*** Opening Data provided ***

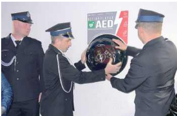
Defibrylator AED zawieszony na budynku remizy OSP w Żabcach

Za strażakami ochotnikami z OSP Żabce najważniejsze spotkanie w roku. Walne Zebranie Sprawozdawczo-Wyborcze przyniosło wybór nowych władz jednostki na najbliższe pięć lat, powołanie Dziecięcej Drużyny Pożarniczej oraz oficjalne przekazanie zewnętrznego defibrylatora AED.
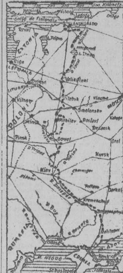
El curso alto de los ríos Dnieper y Dvina—entre Smolensko y Vitebsk—tratando de penetrar hacia occidente. Y en el sector de los lagos Ilmen y Ladoga—zona del cerco de Leningrado—cierta actividad comienza a manifestarse.

Esta es, a grandes rasgos, la situación del frente oriental en el momento de comenzar la "rasputitsa" o estación de los caminos intrasitables por el fango.

*** Closing Data provided ***

What the task asks ->
All of the data is to be returned exactly, with no pictures included.

Task result ->
Defibrylator AED zawieszony na budynku remizy OSP w Żabcach

Za strażakami ochotnikami z OSP Żabce najważniejsze spotkanie w roku. Walne Zebranie Sprawozdawczo-Wyborcze przyniosło wybór nowych władz jednostki na najbliższe pięć lat, powołanie Dziecięcej Drużyny Pożarniczej oraz oficjalne przekazanie zewnętrznego defibrylatora AED.
El curso alto de los ríos Dnieper y Dvina—entre Smolensko y Vitebsk—tratando de penetrar hacia occidente. Y en el sector de los lagos Ilmen y Ladoga—zona del cerco de Leningrado—cierta actividad comienza a manifestarse.

Esta es, a grandes rasgos, la situación del frente oriental en el momento de comenzar la "rasputitsa" o estación de los caminos intrasitables por el fango.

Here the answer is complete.